▶ _Exercise description_:
Pictures aside, repeat the whole listing word for word.

▶ _Dataset excerpt_:
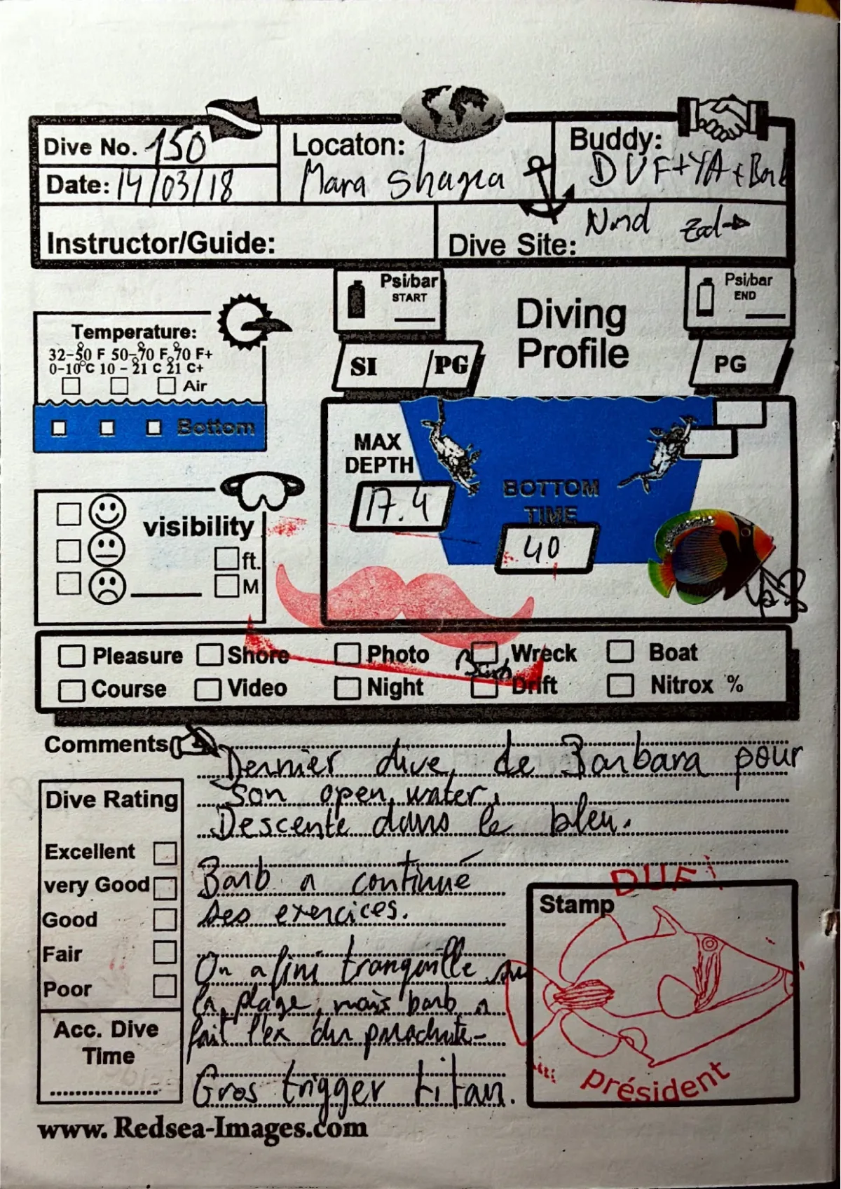 Plongée #150 — Marsa Shagra NordMarsa Shagra 14 mars 2018⏱ 40 min ↓ 17.4 m bateauAvec Duf + Yanick + BarbaraDernier dive de Barbara pour son open water. Descente dans le bleu. Barbara a continue ses exercices. Gros trigger titanPage du carnet
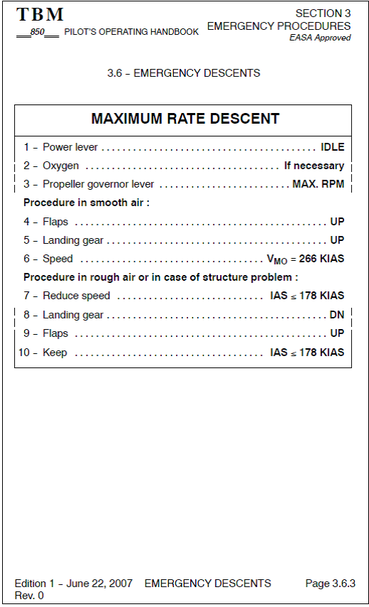 Annexe A – Procédure de descente d'urgence pour le TBM 850
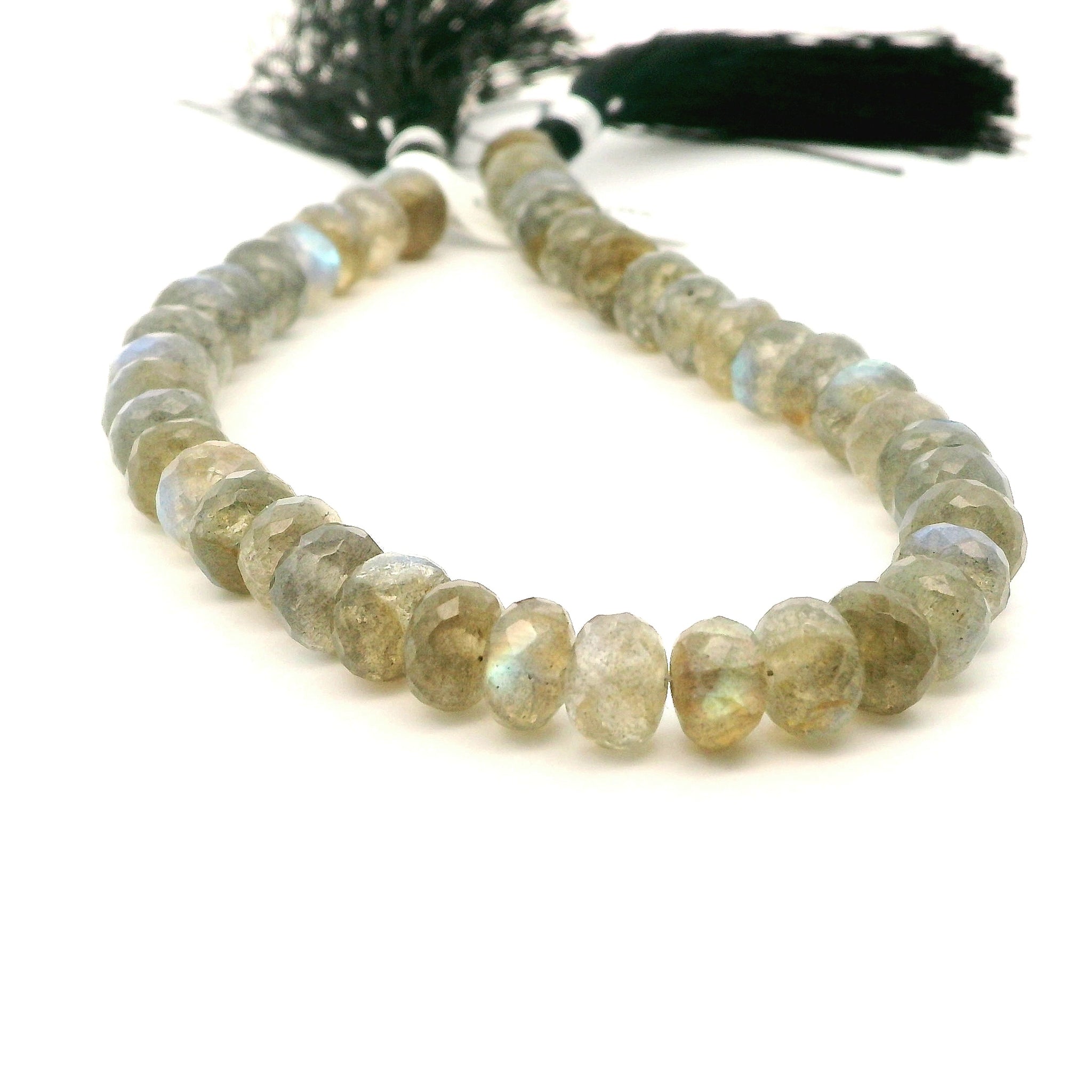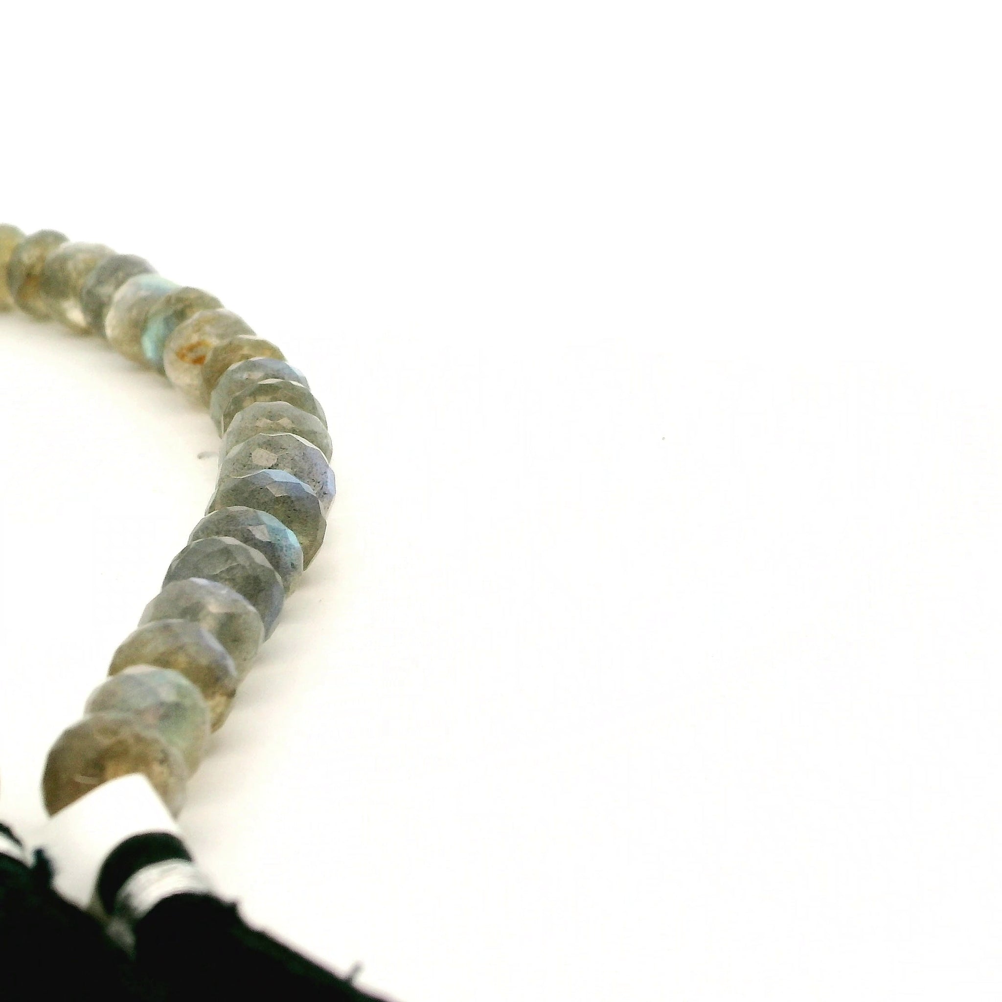 This strand features natural labradorite faceted rondelle beads with soft gray tones and flashes of blue and green that appear as the beads catch the light. Each bead is carefully faceted to enhance its natural shimmer, making this strand ideal for refined and modern jewelry designs. Beads measure approximately 4mm x 6mm and are strung as a single strand containing about 30 beads. Due to the natural nature of labradorite, color and flash may vary from bead to bead. Perfect for bracelets, necklaces, earrings, and other custom jewelry projects.

▶ _Task result_:
 Plongée #150 — Marsa Shagra NordMarsa Shagra 14 mars 2018⏱ 40 min ↓ 17.4 m bateauAvec Duf + Yanick + BarbaraDernier dive de Barbara pour son open water. Descente dans le bleu. Barbara a continue ses exercices. Gros trigger titanPage du carnet
 Annexe A – Procédure de descente d'urgence pour le TBM 850
 This strand features natural labradorite faceted rondelle beads with soft gray tones and flashes of blue and green that appear as the beads catch the light. Each bead is carefully faceted to enhance its natural shimmer, making this strand ideal for refined and modern jewelry designs. Beads measure approximately 4mm x 6mm and are strung as a single strand containing about 30 beads. Due to the natural nature of labradorite, color and flash may vary from bead to bead. Perfect for bracelets, necklaces, earrings, and other custom jewelry projects.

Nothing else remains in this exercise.